Romeu Duarte escreve em sua coluna no jornal O POVO: O DNA da ginga

Seg, 10 de Março de 2014 09:25



Romeu Duarte, Conselheiro Vitalício do IAB- CE e Ex-Presidente da entidade Nacional, escreve em sua coluna semanal, no Jornal O POVO.

A Dilson Pinheiro


Desigual por natureza, desde sempre Fortaleza assistiu de camarote a essa sua (imorredoura?) característica plasmar seu Carnaval. Justo em meados do século XIX, quando a pagodeira por aqui começou com o lusitano nome de Entrudo, João Nogueira já reclamava do mau gosto e da bagunça que os foliões de então faziam com um mela-mela à base de bexigas d’água, cera de sapato e farinha de trigo. De um lado, o canelau travestido em papangus, com seus trajes em xadrez, assustando a garotada na rua. De outro, os bem de vida em suas sociedades carnavalescas, nos bailes fechados dos clubes Iracema e União Cearense. No corso, a elite se espremia no miolo da via e a arraia miúda arrasava nas coxias. Brigas, estas só quando os remediados topavam os ricos.

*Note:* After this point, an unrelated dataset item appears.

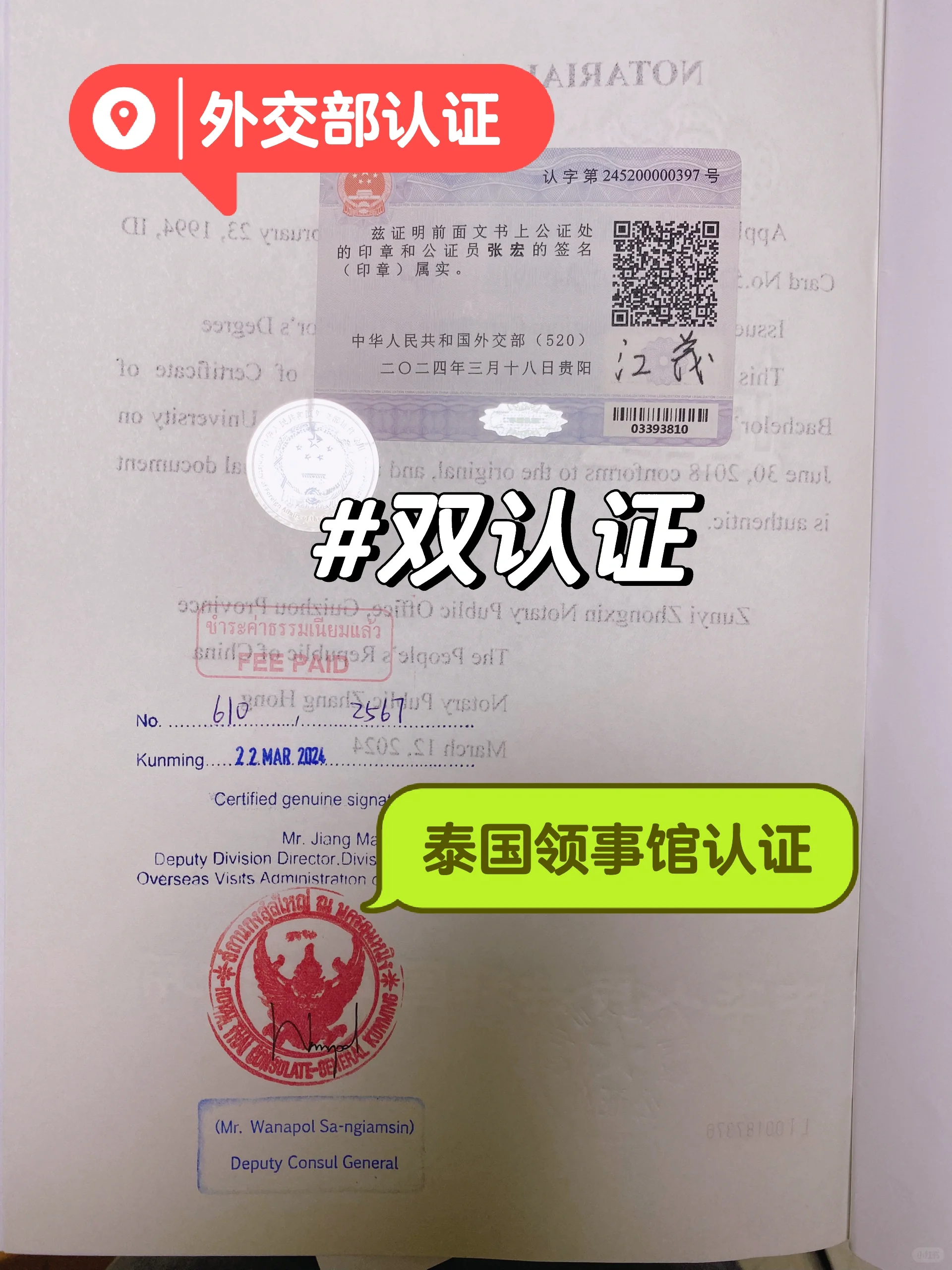 什么是泰国双重认证 所谓双重认证,是指很快就会需要的身份证明文件公证处进行公证-外交部认证-经泰国领事馆认证。这样,我们的文件将在泰国具有法律效力。 接下来,让我与您分享我的双重身份验证过程: 首先,联系户籍所在县或市的认证中心,告诉他们你需要双重认证的材料以及你需要认证的副本数量。你可以亲自去,也可以请朋友代你处理。我选择了运输方式来处理。公证过程相当快,需要一天半的时间才能完成。公证240份,¥20份。 在从公证处获得公证文件后,请提供公证材料和身份证将被带到户籍所在地的省级外事办公室进行身份验证。经外交部认证后,我们将帮助您将其交付给泰国领事馆完成 双重身份验证。一站式服务!你不必自己到处乱跑!双重身份验证完成后是否会有电弧通知我是选择了收集、自行收集还是再次邮寄邮寄[整月R](双重认证见图片详情,两份,共计1475日元) 附言除了去户籍所在地的外事办公室,你还需要去现场办理全程吗完成它! ️ 申请紧急复印件50.我会在15日把材料送到外事办公室,27日打电话通知我处理完毕 哦,中间还有4个周末,这个速度真快!!! 在选择自己处理之前,您是否咨询过第三方机构1000,紧急订单这个紧急的价格差真的很大 这是我的双重身份验证过程,我希望它是为那些需要它的人准备的参考资料

Nas primeiras décadas do século XX, para além da Major Facundo, os cortejos carnavalescos ganharam os bulevares, já acompanhando a expansão da cidade. Ficaram famosos os realizados no da Conceição (Dom Manuel), marcados pelos desfiles de belas mulheres de vida airada em caminhões. Antes, a patuléia se esbaldava nos sambas de areia e umbigadas da periferia, enquanto a comunidade negra entoava os dolentes cantos do maracatu, ainda hoje um símbolo de resistência cultural. As marchinhas ganhavam terreno a cada ano, com letras marotas ou de duplo sentido sobre o foxtrot. Piriguetes da época, as coca-colas ganharam seu cordão nos anos de 1940 por pirraça de uns sargentos da Base, cismados com o grude das moças nos milicos ianques.


Diz um amigo meu, para rebaixar a idade que lhe pesa nos couros: “sou do tempo da Xuxa para cá”. Não sou tão moleque assim: lembro-me perfeitamente dos dias de Momo brincados no asfalto da Duque de Caxias por escolas de samba, blocos, cordões e maracatus. Ispaia Brasa, Império Ideal, Leopoldina Show, Prova de Fogo, Ás de Ouro, Ás de Paus, Leão Coroado, dentre outros, na já distante década de 1960, faziam a minha alegria de menino. Narcélio e Paulo Limaverde narrando a marcha dos brincantes, aquele circunspecto e este dando gaitadas mil atrás do Bicho Chulapão. Irapuan Lima, Toinho e o rei Javeh na corte do samba instalada no Flórida Bar. Animando as festas das agremiações elegantes, Ivanildo e seu Conjunto. Memória de um tempo bom.


Mas chegam os anos de 1970 e 1980 e com eles a conversa de que Fortaleza não tinha Carnaval, que era a capital do descanso na farra de fevereiro, mesmo com os Enviados de Alá botando para ferver com seus caftas listrados. Foi o tempo em se tornou costume arribar para Paracuru, Aracati, Beberibe, Camocim e outras paragens para curtir o Carnaval de praia. Sem a tal da Lei Seca, casas alugadas com mais de sessenta pessoas, birita rolando de manhã, de tarde e de noite, trio elétrico, paredão de som, banho de mar à fantasia, o azul de Jezebel no céu de Calcutá. O carnavalesco abandono da Loura findou lá pelo meio da década de 1990 graças à teimosia de uns poucos heróis, pais do pré-carnaval, que sacaram que o lance era aqui, pois quem é de bem, fica.


Todas essas lembranças me assaltam enquanto assisto à sensacional apresentação d´As Gata Pira na Praça General Tibúrcio, na Terça-Feira Gorda, nosso Mardi Gras. Vindo da animação do Sanatório Geral lá do Benfica e já de olho no Largo da Mocinha (já sabendo que o Luxo da Aldeia Concentra Mas não Sai), uma certeza me invade: por mais que uns não queiram ou apoiem, temos Carnaval, sim, dos bons e o que é melhor, fruto de um desejo popular, de gente feliz, pacífica e ordeira que dá valor às belezas da cidade e, por isso, merece respeito. Quem pensou em vir para cá para dormir que vá armar sua rede noutro canto deste imenso País. Quem só acordou agora, que se pegue da coisa e não vacile mais. Os leões, doidões, dançam em baby-dolls de nylon.